The Witching Hour by Brian D. Buckley

The Witching Hour by Brian D. BuckleyUnlike the compilers of some collections of poetry, who support their choices with an overarching theme or a long introduction explaining why these poems were gathered, Buckley is unafraid to choose poems on the simple rationale that he feels they are good. This produces a collection that is unashamed to admit that poets, like everyone else, are complex people who laugh and rage, cry and love.

This collection contains 25 poems chosen and revised by the author, spanning the last decade of his oeuvre. Although there is no single theme, Buckley has grouped them into three sections, Visions, lolz, and Searching, containing respectively uplifting, humorous, and speculative works.

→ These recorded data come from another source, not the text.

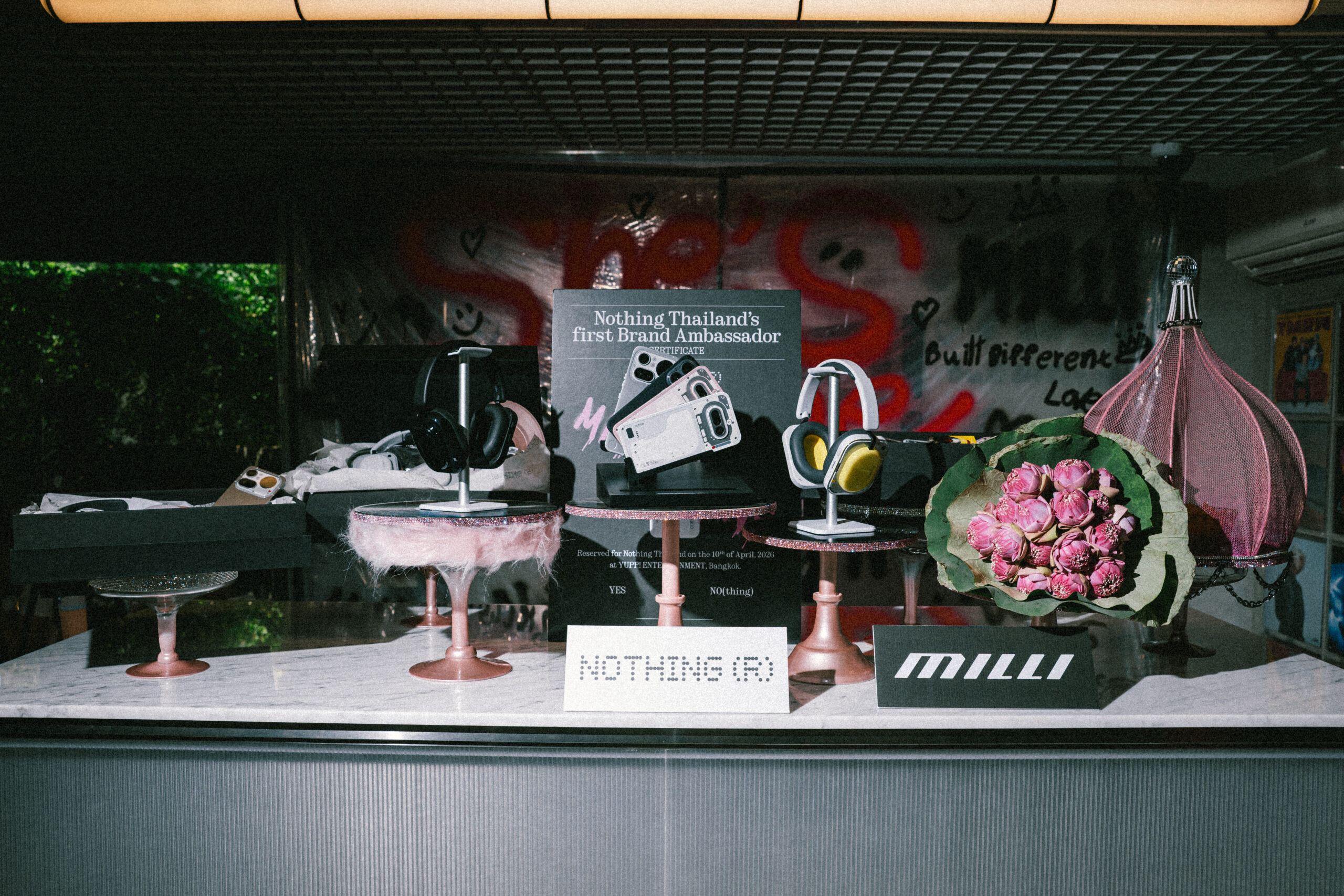 ทุกอย่างเริ่มต้นจากงานเปิดตัว Phone (4a) Series และ Headphone (a) เมื่อวันที่ 24 มีนาคม 2569 ซึ่งเป็นจุดที่ MILLI และ Nothing ได้เจอกันครั้งแรก และออร่าของ MILLI ดันสะดุดตาแบรนด์เข้าอย่างจัง โดยในงานพิธีสู่ขอ Brand Ambassador วันนี้ นายพลภัทร สายบัวทอง ผู้อำนวยการประจำ Nothing แห่งประเทศไทย เผยเหตุผลถึงที่มาที่ไปของงานนี้ ว่า Nothing Thailand สนใจ MILLI มาตั้งแต่ปีที่ผ่านมา และในปีนี้เรากล้าที่จะเดินหน้าจองตัวน้องนวยมาเป็น Brand Ambassador เพราะหลังเปิดขาย Phone (4a) Series และ Headphone (a) ไปเมื่อไม่นานมานี้เราสามารถทำยอดขายได้ทะลุเป้าจนสามารถเก็บเงินมาสู่ขอ MILLI ได้สำเร็จ และแน่นอนว่าไม่ใช่แค่ความรักอย่างเดียว แต่ MILLI คือคนที่ไม่เคยหยุดเป็นตัวเอง กล้าพูด กล้าแสดงออก และกล้าทำในสิ่งที่คนอื่นยังลังเล ซึ่งนั่นคือสิ่งเดียวกันกับที่ Nothing ยืนหยัดมาตลอดตั้งแต่วันแรก และในปีนี้ Nothing Thailand พร้อมแล้วที่จะเดินหน้าจองตัวน้องนวย การจับมือครั้งนี้จึงถือเป็นการรวมกันของสองพลังที่พูดภาษาเดียวกัน นั้นคือภาษาของคนที่กล้าจะแตกต่าง แน่นอนว่าสิ่งนี้จึงทำให้ Nothing แห่ขันหมากมาสู่ขอ “จองตัว MILLI มาเป็น Brand Ambassador คนแรกของ Nothing Thailand”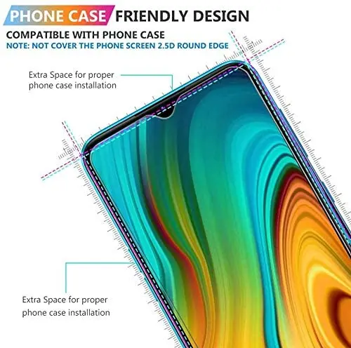 Разработано меньше, чем экран телефона по краям, закрывает только плоскую область дисплея, чтобы соответствовать всем чехлам.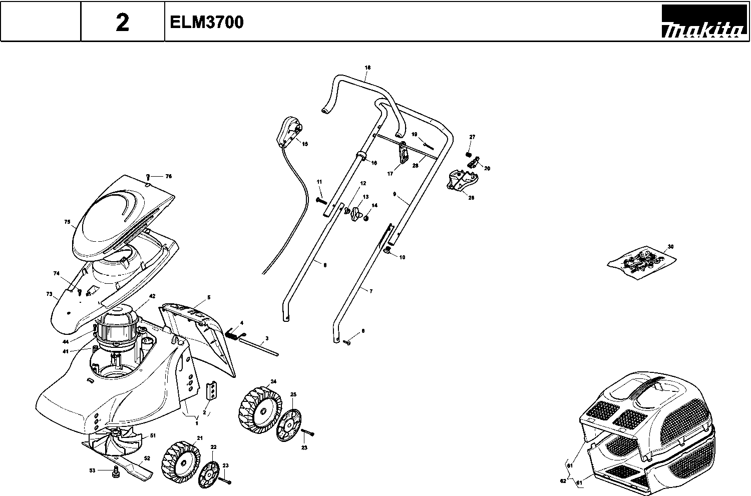 Teileliste der Makita ELM3700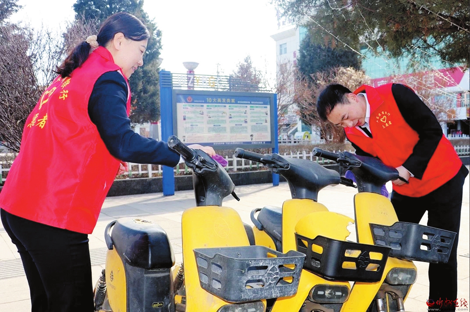 三月春風(fēng)拂揚(yáng)柳,雷鋒精神閃光芒。為進(jìn)一步弘揚(yáng)雷鋒精神,推動(dòng)學(xué)雷鋒活動(dòng)常態(tài)化,鞏固提升創(chuàng)衛(wèi)成果,營造和諧優(yōu)美環(huán)境,連日來,五寨農(nóng)商銀行機(jī)關(guān)黨員志愿服務(wù)隊(duì)組織開展了“擦亮共享單車,助力文明出行”志愿服務(wù)活動(dòng)。(張家源攝)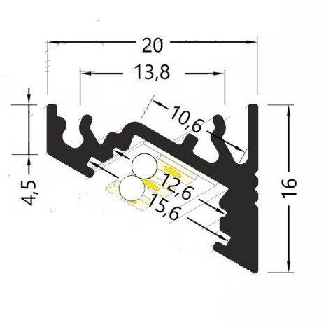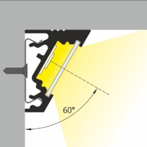 Alu profil Corner-60 umožňuje nasvecovať pod dvomi uhlami 30° a 60°. Príslušný nasúvací difúzor je mäkký a možnosť ohnúť ho až do takmer pravého uhla. Takto je možné osadiť difúzor aj v neprístupných rohoch. Toto riešenie je ideálne najmä pre nepriame podsvietenie ako aj osvetlenie nábytkov . Profil je vhodný pre všetky typy LED pásov do 10mm šírky a vďaka dvojitému uhlu (60 a 30°) je možné optimálne osadenie LED pásu tak, aby sa efektívne pracovalo so svetlom a jeho odrazom do priestoru.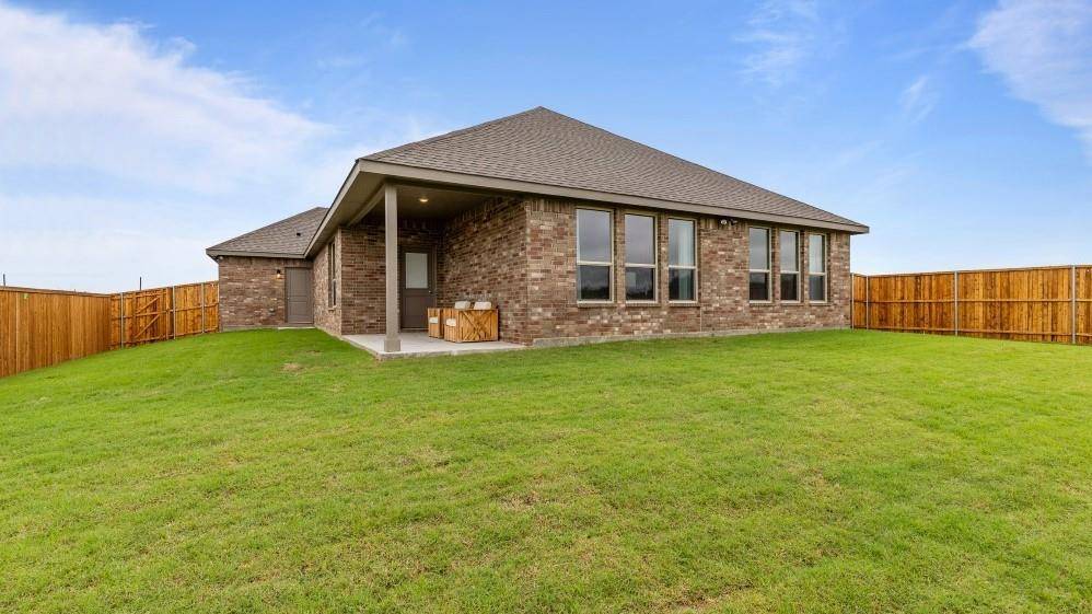Beautiful New D.R. Horton home in the Morningstar community located in highly sought-after Aledo ISD! The Crownpoint floorplan, Elevation F with an estimated summer completion, offers a well-designed single-story layout featuring 4 bedrooms, 2 bathrooms, and a 2-car garage, with flexible living spaces ideal for today's lifestyle. The open-concept design connects the spacious family room to the dining area and modern kitchen, creating an inviting space for everyday living and entertaining. The kitchen is equipped with 42” upper cabinets with crown molding, quartz countertops, a ceramic tile backsplash, stainless steel appliances, and an electric range, along with a pantry for added storage. Luxury vinyl plank flooring extends throughout the main living areas, providing both durability and style. The private primary suite includes a well-appointed en-suite bath and walk-in closet, while three secondary bedroom-one of which may be used as a study or flex space offers versatility for family, guests, or a home office. A covered patio enhances outdoor living, and thoughtful design details, modern finishes, and energy-efficient construction complete this impressive home. Morningstar residents enjoy resort-style pools, playgrounds, parks, a dog park, and scenic walking trails.

The selection opens with Lift Off, a poem about rocketry. While it does contain some high-flown imagery, it is relatively simple, potentially tricking the reader into believing Buckley is a scientist who writes poetry. However, in the next poem, Anallegoria, he takes an idea and lets it run free, revealing that – whatever else he can do as well – he is a skilled word-smith. This shifting and merging of accurate description and linguistic playfulness continues throughout the collection.

Buckley is equally at home with varied verse forms. In poems such as Austromenock he delivers both an engaging narrative and a strong refrain and metre familiar from the works of Shelley and others; whereas in works such as Chomolungma he practically abandons form, producing an emotional gestalt free of intervening frameworks.

What would it be
to SEE these creatures?
Not to surrender, nor yet
to charge, brandishing creeds and anthems:
but to meet them with open sail,
a Beagle among their Galápagos,
taking notes and sketches –
and later,
stories for your daughters,
and maps to guide them
home?

-The Witching Hour

Although there is a correlation between Buckley’s choice of styles and his subject matter, he is happy to use serious formal structures for humorous ends. His lampoon of poetic declarations of love in The Bard to His Love, at Length is as amusing on repeated reading as on first experience.

However, it is in humour – perhaps the most serious of disciplines – that the collection seems weakest. Whilst they display the same skill in language as the rest of the selection, some areas begin to appear clever rather than genuinely witty on repeated consideration, rendering lolz less attractive to frequent visitation.

Interspersed throughout the collection are various black-and-white pictures, ranging from medieval woodcuts to Art Nouveau temptresses. Although the poems are fluid enough not to need a distraction, the addition of images adds a further aesthetic layer to the collection, adding to the sense that it is visually as well as emotionally interesting.

Overall I enjoyed this collection, and anticipate returning to it repeatedly over the years. I recommend it to readers who are looking for a selection of poetry that offers something for any mood, whether good or bad.

I received a copy from the author in exchange for a fair review.